Ri: Dediğin kadar varmış Lee bir sürü güzel kız gördüm burada, ama neden bana bakmadılar, oysa ki her yerde dikkat çekerim ben :/
Lee: O da buradaki kızların kusuru :D hemen yüz vermezler.
Muhabbeti duyan Elif hemen müdahale etti.“Canım benim İzmir kızları işte denizi gibidir, güven olmaz, Manisa’nın kızlarıöyle mi ya?”
Eliften gözünü ayırmayan Bahar olaya karışacaktı ki TOP noktayı koydu “Makneaaa! Saçmalama, yanımızda bunca güzel bayan var sen başkalarından bahsediyorsun” TOP fısıldasa duyma yetisine sahip üçlü o sırada erimiş havuz suyuna karışmak üzereydi.
Selin Gd’yi kolundan tutup “sana bir şey dinletmek istiyorum” diye kulaklığı çocuğun kulağına çıkaramamacasına sokmaya uğraşıyordu. Seda Dicle ve benim içecek servisi yapmamızı fırsat bilmişti hain atlı!
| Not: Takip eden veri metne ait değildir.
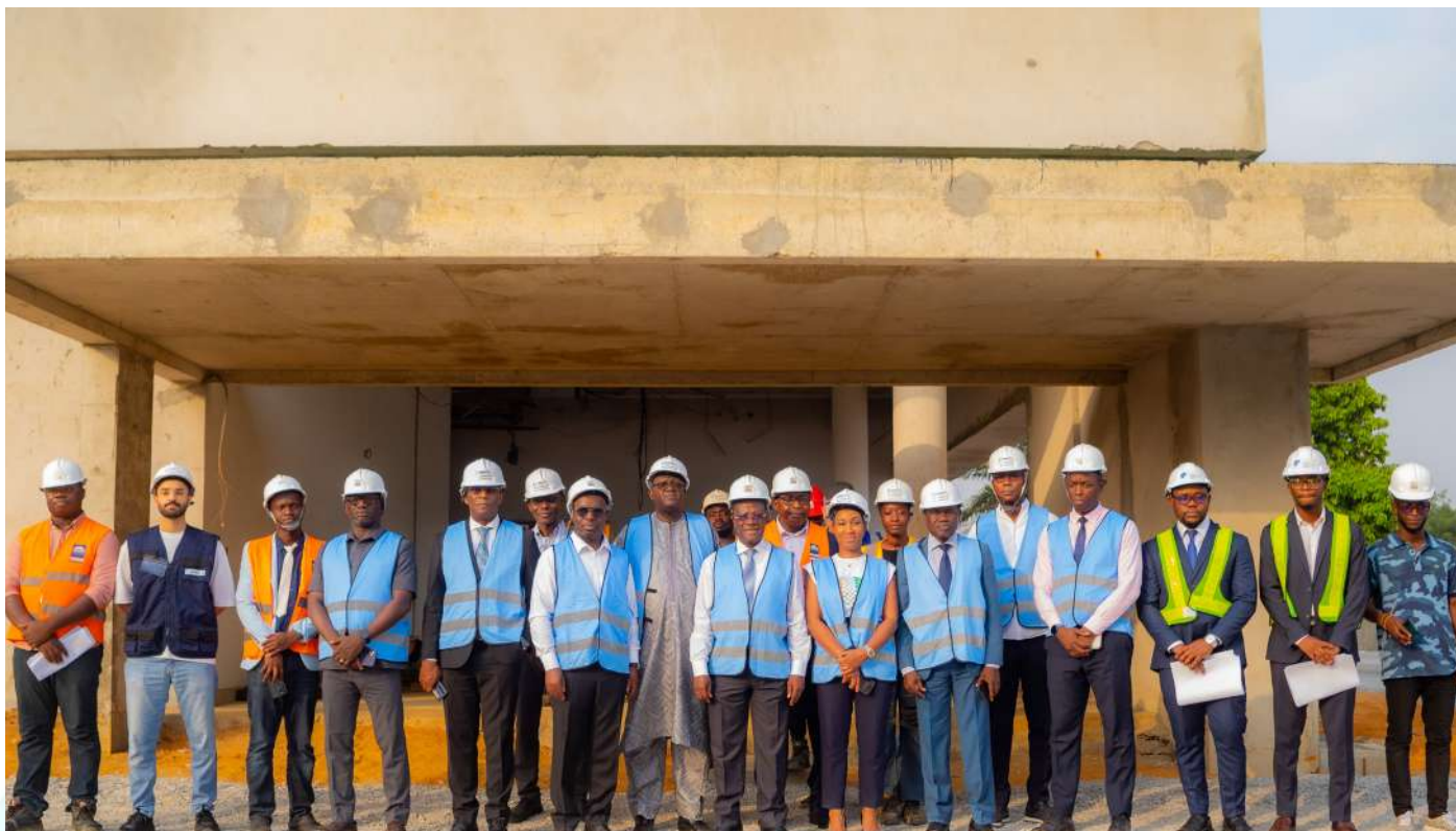
Photo d'ensemble devant le nouveau siège en construction

Les membres du Conseil d'administration de la SODEXAM se sont dits satisfaits de l'avancée des travaux du nouveau siège de la SODEXAM, à la suite d'une visite effectuée sur le chantier de construction, le vendredi 20 décembre 2024, afin de faire le point de l'avancement des travaux de cet ambitieux projet.

İksir pek etki etmedi bugünü atlattık diye rahatlamış, artık kedim var diye mutluydum. Selin’e kızacak psikolojide değildim. Ama duruma fazla dayanamayan Seda ve Dicle bardakları bırakıp, havuz kenarında oturan Selin ve Gd’ye eklendi.
Dae ve Gökçen yardımıma koştu. Tae ve Naz uzun süredir görünmemişti aslında :D üst katta hala şalvarları deniyor olamazlardı herhalde :P Aklımdan +18 düşünceler geçerken…
Tae’nin (fondaki şarkı eşliğinde) sinirden
patlamak üzere hızla yanımdan geçişini izledim. Hışımla Ri’yi yakasından
kavradı ve tam bir yumruk geçireceği sırada karşılıklı gülmeye başladılar.
Herkes sok olmuştu ki Bahar aydınlattı “YAN ETKİ BUNLAR, bir şey olmaz :D”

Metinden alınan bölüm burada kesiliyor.